Freeman's analysis hinges on the "Critical Battleground States" of Ohio, Florida, and Pennsylvania. He analyzes the discrepancy between data obtained from saved screenshots of the CNN exit poll web-site taken shortly after midnight on election eve and reported election tallies. Dr. Freeman's paper concluded:
In this report, I have: (1) documented that, in general, exit poll data are sound, (2) demonstrated that it is exceedingly unlikely that the deviations between the exit poll predictions and vote tallies in the three critical states could have occurred strictly by chance or random error, and (3) explained why explanations for the discrepancy thus far provided are inadequate.With this paper, I will demonstrate that Freeman did not accomplish points (1) and (2). With the release of the Edison/Mitofsky report, point (3) is moot.
Did Dr. Freeman Demonstrate That, “In General, Exit Poll Data Are Sound”?
Either Dr. Freeman is a poor researcher, which I do not believe for a moment given his credentials, or his argument is weakened having suppressed evidence. Freeman's argument that exit polls are generally sound rested largely on statistics from German, BYU, Mexico, and Ex-Soviet Block exit polls.

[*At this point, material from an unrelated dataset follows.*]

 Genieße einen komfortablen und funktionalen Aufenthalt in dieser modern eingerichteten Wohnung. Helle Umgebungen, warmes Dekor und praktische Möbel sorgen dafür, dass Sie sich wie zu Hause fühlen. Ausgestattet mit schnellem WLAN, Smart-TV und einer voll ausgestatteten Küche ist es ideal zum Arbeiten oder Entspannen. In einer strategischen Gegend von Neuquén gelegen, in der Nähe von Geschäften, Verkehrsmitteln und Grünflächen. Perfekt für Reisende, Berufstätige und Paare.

Dr. Freeman selects and analyzes data from several national German exit polls that show that the estimates were highly representative of the election tally. His data were compiled by several individuals, but his analysis does not appear to be based on any published research on German exit polls and fails to include information on the methods used in the cited polls.

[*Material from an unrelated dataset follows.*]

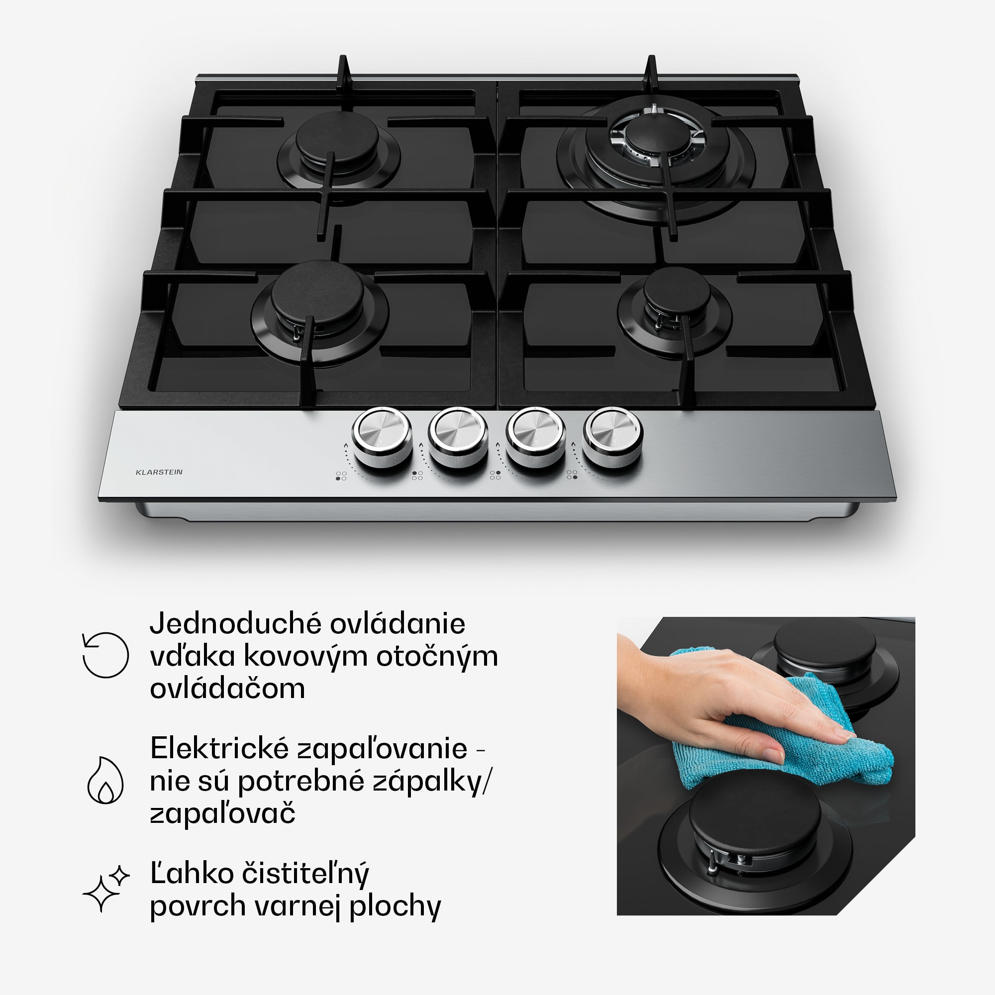 Klarstein Verosteel plynová varná doska + Verosteel komínový digestor | nehrdzavejúca oceľ | 60 cm

First, a note European exit polls in general. Mystery Pollster (MP) Mark Blumenthal uncovered this opinion prepared by the ACE project, which is funded by the UN and the US Agency for International Development. As excerpted by MP, the opinion states,
[Exit poll] reliability can be questionable. One might think that there is no reason why voters in stable democracies should conceal or lie about how they have voted, especially because nobody is under any obligation to answer in an exit poll. But in practice they often do. The majority of exit polls carried out in European countries over the past years have been failures (Emphasis added).In his post, MP indicates that he warned Dr. Freeman during a telephone conversation to check the methodology used in the German exit polls before comparing them to the NEP exit polls. MP contacted Dr. Dieter Roth of FG Wahlen, the organization that generated the data used by Freeman in his analysis. Dr. Roth provided some information about methods, which from a review of MP's postmade it easier to understand why the errors would be smaller in Germany's exit polls. Dr. Roth made the following statement to MP:
I know that Warren Mitofsky's job is much harder than ours, because of the electoral system and the more complicated structure in the states.Dr. Freeman's paper failed to include basic information regarding methodology, which is crucial when comparing different polls, either demonstrates a desire to suppress evidence or an ignorance of survey research methods.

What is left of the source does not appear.